2. Create each R matrix in R. To combine, numbers and characters in a matrix use a list matrix like so:
```
A <- matrix(list(0),3,3)
A[1,1] <- "sigma2"
```
1. Fit each model using MARSS() and compute the confidence intervals (CIs) for the estimated parameters. Compare the estimated $u$ (the population long-term trend) along with their CIs. Does the assumption about the observation errors change the $u$ estimate?
2. Plot the state residuals, the ACF of the state residuals, and the histogram of the state residuals for each fit. Are there any issues that you see? Use this code to get your state residuals:
```
MARSSresiduals(fit)$state.residuals[1,]
```
You need the [1,] since the residuals are returned as a matrix.
Fit a model with 3 subpopulations. 1=SJF,SJI; 2=PS,EBays; 3=HC. The $x$ part of the model is the population structure. Assume that the observation errors are identical and independent (R="diagonal and equal"). Assume that the process errors are unique and independent (Q="diagonal and unequal"). Assume that the $u$ are unique among the 3 subpopulation.
1. Write the $\mathbf{x}$ equation. Make sure each matrix in the equation has the right number of rows and columns.
2. Write the $\mathbf{Z}$ matrix.
3. Write the $\mathbf{Z}$ in R using Z=matrix(...) and using the factor shortcut Z=factor(c(...)).
4. Fit the model with MARSS().
5. What do the estimated $u$ and $\mathbf{Q}$ imply about the population dynamics in the 3 subpopulations?
Repeat the fit from Question 4 but assume that the 3 subpopulations covary.
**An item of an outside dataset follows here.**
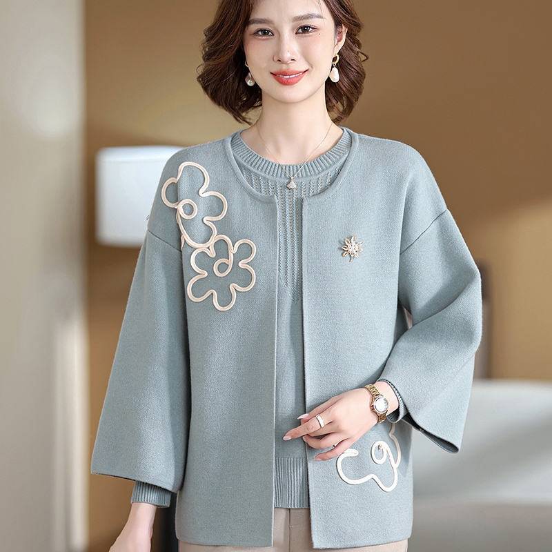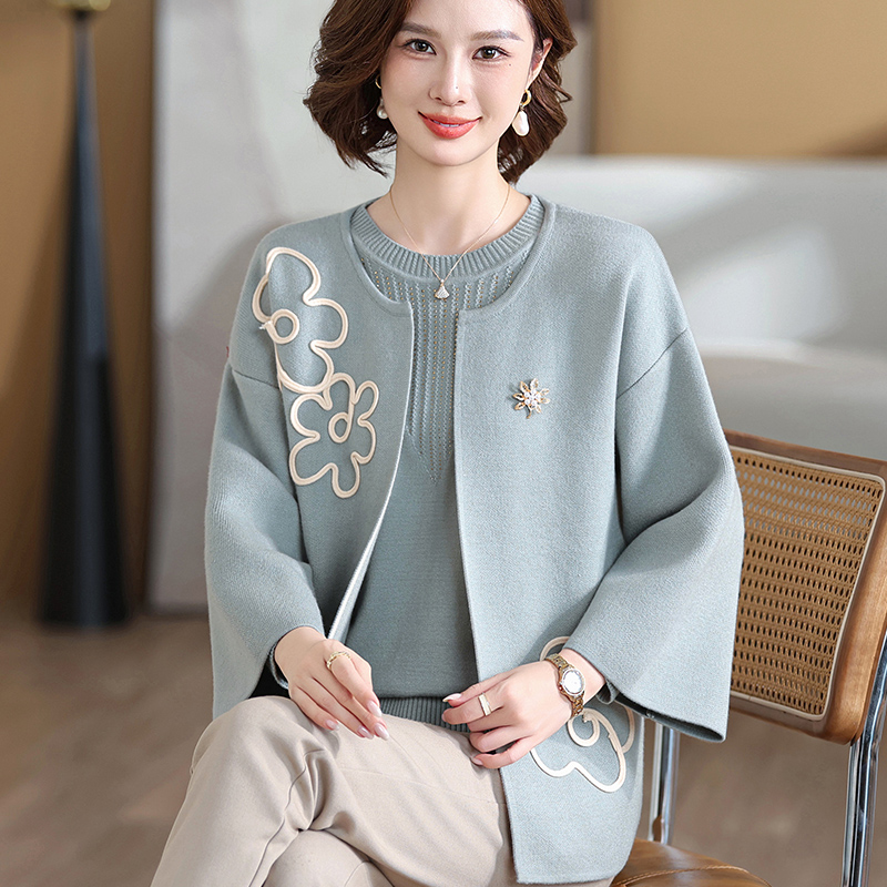 妈妈装 针织开衫 短款 气质两件套上衣春装 外套中老年女装 春秋新款

Use Q="unconstrained".
1. What does the estimated $\mathbf{Q}$ matrix tell you about how the 3 subpopulation covary?
2. Compare the AICc from the model in Question 4 and the one with Q="unconstrained". Which is more supported?
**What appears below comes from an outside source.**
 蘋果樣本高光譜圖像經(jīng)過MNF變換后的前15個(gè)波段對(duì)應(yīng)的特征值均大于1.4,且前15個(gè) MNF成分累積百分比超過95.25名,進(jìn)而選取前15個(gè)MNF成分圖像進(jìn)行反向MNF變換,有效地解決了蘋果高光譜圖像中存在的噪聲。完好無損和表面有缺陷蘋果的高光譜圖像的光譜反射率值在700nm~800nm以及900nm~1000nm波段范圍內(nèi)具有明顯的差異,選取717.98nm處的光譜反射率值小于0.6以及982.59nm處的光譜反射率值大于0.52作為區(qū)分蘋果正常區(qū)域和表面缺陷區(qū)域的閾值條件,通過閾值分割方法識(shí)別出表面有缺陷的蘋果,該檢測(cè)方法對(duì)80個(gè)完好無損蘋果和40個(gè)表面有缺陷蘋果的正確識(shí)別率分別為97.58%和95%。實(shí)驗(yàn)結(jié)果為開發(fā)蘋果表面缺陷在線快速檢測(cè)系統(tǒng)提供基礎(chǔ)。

3. Fit the model with Q="equalvarcov". Is this more supported based on AICc?
Develop the following alternative models for the structure of the inland harbor seal population. For each model assume that the observation errors are identical and independent (R="diagonal and equal"). Assume that the process errors covary with equal variance and covariances (Q="equalvarcov").
- 5 subpopulations with unique $u$.
- 5 subpopulations with shared (equal) $u$.
- 5 subpopulations but with $u$ shared in some regions: SJF+SJI shared, PS+EBays shared, HC unique.
- 1 panmictic population.
- 3 subpopulations, 1=SJF,SJI, 2=PS,EBays, 3=HC, with unique $u$
- 2 subpopulations, 1=SJF,SJI,PS,EBays, 2=HC, with unique $u$
1. Fit each model using MARSS().
2. Prepare a table of each model with a column for the AICc values. And a column for $\Delta AICc$ (AICc minus the lowest AICc in the group). What is the most supported model?
Do diagnostics on the model innovations residuals for the 3 subpopulation model from question 4. Use the following code to get your model residuals. This will put NAs in the model residuals where there is missing data. Then do the tests on each row of resids.
```
resids <- MARSSresiduals(fit, type = "tt1")$model.residuals
resids[is.na(dat)] <- NA
```
1. Plot the model residuals.
2. Plot the ACF of the model residuals. Use acf(..., na.action=na.pass).
3. Plot the histogram of the model residuals.
4. Fit an ARIMA() model to your model residuals using forecast::auto.arima(). Are the best fit models what you want? Note, we cannot use the Augmented Dickey-Fuller or KPSS tests when there are missing values in our residuals time series.